The study concluded that Tylenol — an over the counter medication — was as effective at treating a headache, as it was in reducing the dread of death. They proposed it blocked signaling in the brain that affected psychological pain, much in the same way as it did for physical pain.

This method of presenting scenarios of death and dying to people, and subsequently asking them to make valued judgments, is a well-documented method to establish the notion of death denial, through our adherence to promoting concrete social values (such as justice, in the case of prostitution arrest reports). The psychologists Sheldon Solomon, Jeff Greenberg and Tom Pyszczynski conducted similar experiments for their book, The Worm at the Core, to quite spectacular effect.

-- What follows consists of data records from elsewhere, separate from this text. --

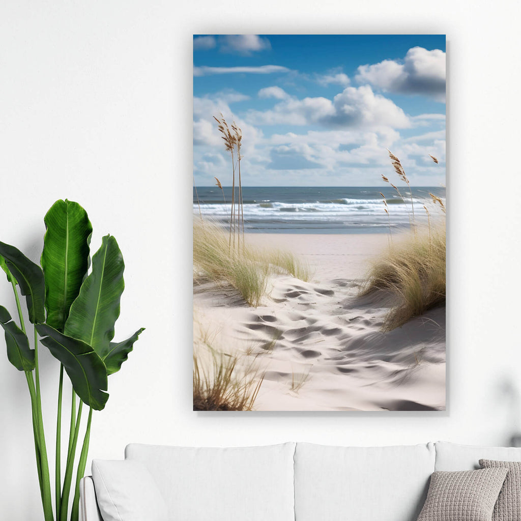 Dieses beeindruckende Wandbild zeigt eine atemberaubende Strandlandschaft, die mit sanften Dünen und einem weiten Meerhorizont fasziniert. Die ruhigen Wellen des Ozeans rollen sanft an den Strand, während der Himmel mit leichten Wolken eine friedvolle Atmosphäre schafft. Die feinen Gräser der Dünen wiegen sich im Wind und verleihen dem Bild eine dynamische Tiefe und Lebendigkeit. Der weite und offene Blick auf den Horizont vermittelt ein Gefühl von Freiheit und Weite, das sowohl beruhigend als auch inspirierend wirkt. Diese Szene ist ideal für jeden Raum, der eine entspannende und erfrischende Stimmung erzeugen soll. Die Komposition und der Detailreichtum des Motivs ziehen den Betrachter in eine Welt der Ruhe und Gelassenheit, die zum Verweilen und Träumen einlädt. Egal ob im Wohnzimmer, Schlafzimmer oder Büro, dieses Wandbild bringt die Schönheit der Natur in Ihre vier Wände und schafft eine harmonische Umgebung, die sowohl ästhetisch ansprechend als auch beruhigend ist. Es ist ein perfektes Beispiel für die gelungene Verbindung von natürlicher Schönheit und künstlerischem Ausdruck.
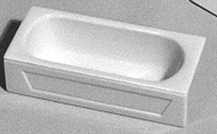 This modern era miniature dollhouse bathtub includes the front panel and is done in 1:12 scale. The miniature bathtub is vacuum formed white co-polyester plastic. Size: 5-3/8" L x 2-3/8" W x 1-1/2" D.
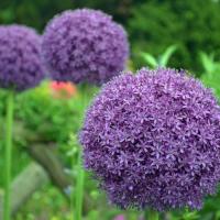 2. Посадка аллиума осуществляется осенью небольшими группками. Луковицы помещаются на глубину 8-10 см и на росстояние 30 см друг от друга. 3. На зиму посаженные в землю луковицы укрывают слоем лапника, листьев, перегноя, соломы или торфа.
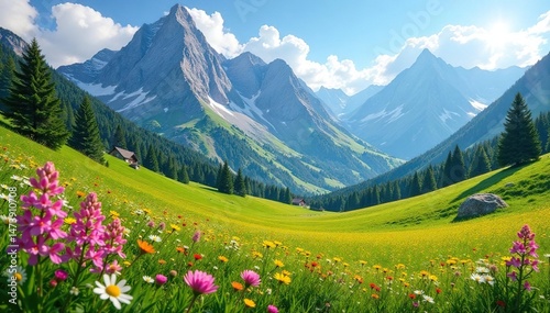 Serene alpine meadow nestled among towering peaks, wildflowers in bloom , alpine meadow, mountain meadow, nature
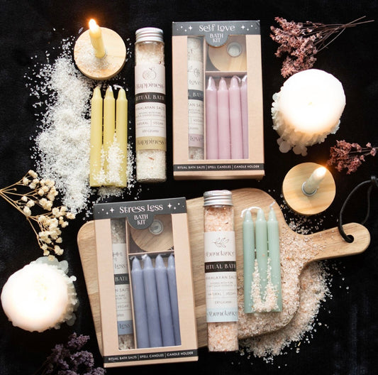‘STRESS LESS’ BATH KIT ~ Bath Salts, Candles & Holder Gift Set

Innovative approaches to drugs at the end of life are even being observed again with the slow reintroduction of psychedelics into clinical settings for research purposes. Patients who suffer from existential dread during their last years and months have been offered psilocybin (LSD) during controlled experiences, to help relieve them of their suffering.

The question we can ask then is: if proven safe for most people, what limits these drugs from being used in a wider setting? What possible reason — other than adherence to the existing laws — could the legal system give? What is stopping us from utilising a non-addictive drug such as LSD — that can help alleviate suffering and which can be used in conjunction with other existing therapies — to help treat the total pain of a dying person?

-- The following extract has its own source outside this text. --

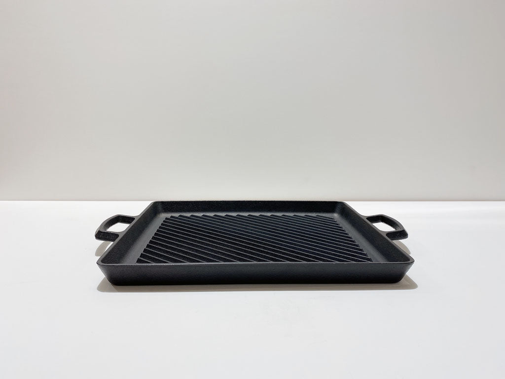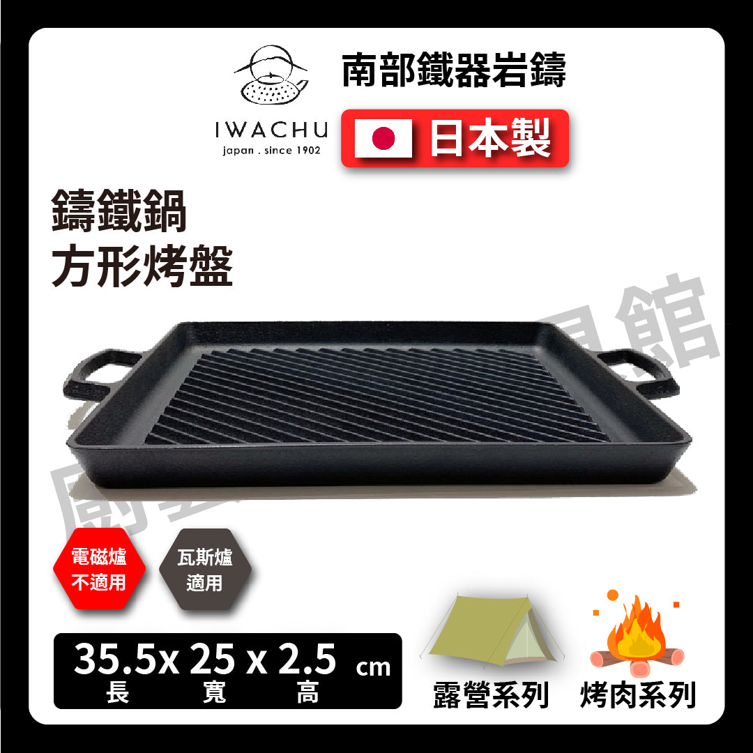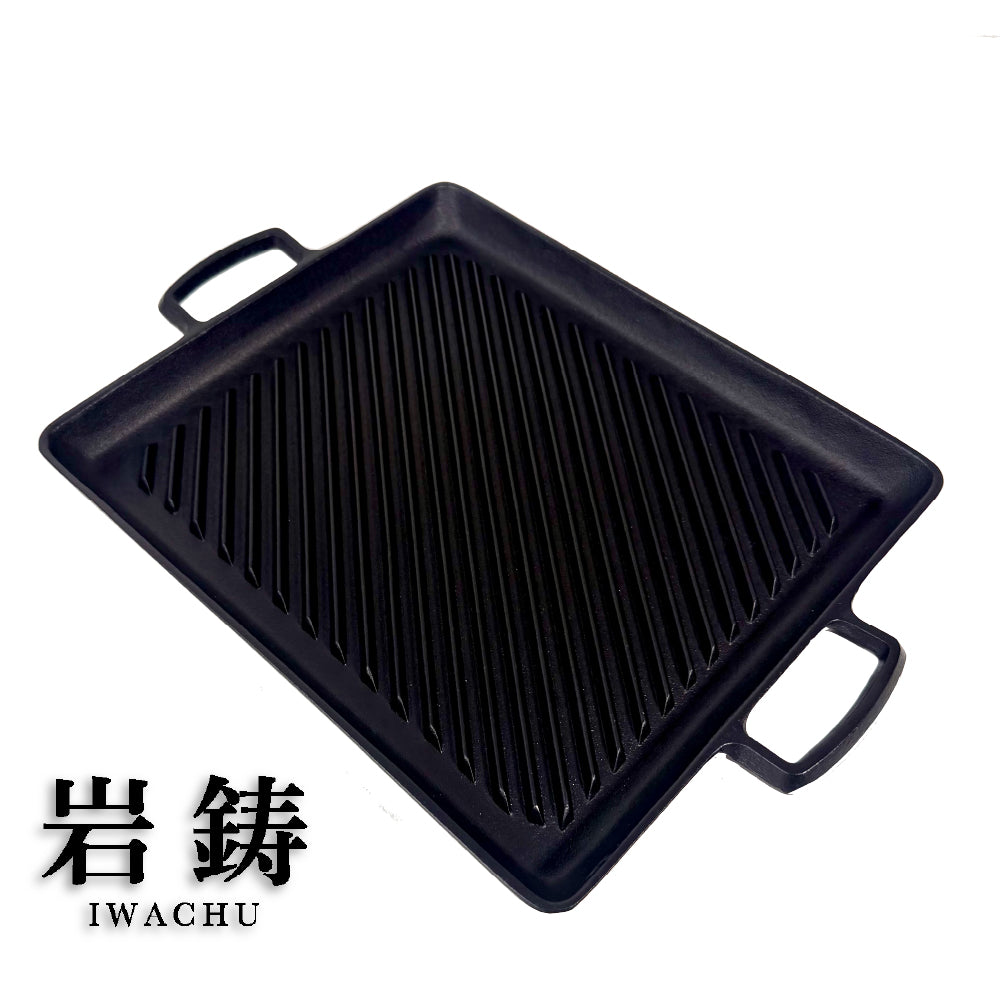 岩鑄|鑄鐵條紋平底烤盤|方形烤盤|鐵板燒料理|南部鐵器|鐵板烤肉盤烤肉|露營|#23014

We often think of innovation in healthcare stemming from technological advances, but what about innovative shifts in cultural acceptance? What would be a radical departure from the existing norms? It has been observed in recent years how dying people actually tend to their needs. The illegal marketplace Silk Road (which was under its closure in 2013 one of the most well-known aspects of the so-called Dark Web, provided access to otherwise highly illegal substances which some people sought to utilise at the end of their live. Scores of people who felt the need to prematurely end their own life (a practice known as assisted suicide) used the black market to purchase Nembutal, a powerful anesthetic. When it was shut down by the FBI, those who lost access to the marketplace would have to resort to more riskier methods or ask family members or other people close to them, to buy the drugs, sadly described in a phenomenon called ‘death tourism’.

Rather than people illegally obtaining drugs for their personal use at the end of life, what alternatives could we make available? What if the laws could be relaxed for those in the last year of their life, or special dispensations made to treat the complex reality of pain? What does the possibilities hold for pain relief when we recognise, understand and can even prove that pain is more than simply physical, and in fact is unique to every dying person. What would a 21st century Brompton cocktail look like?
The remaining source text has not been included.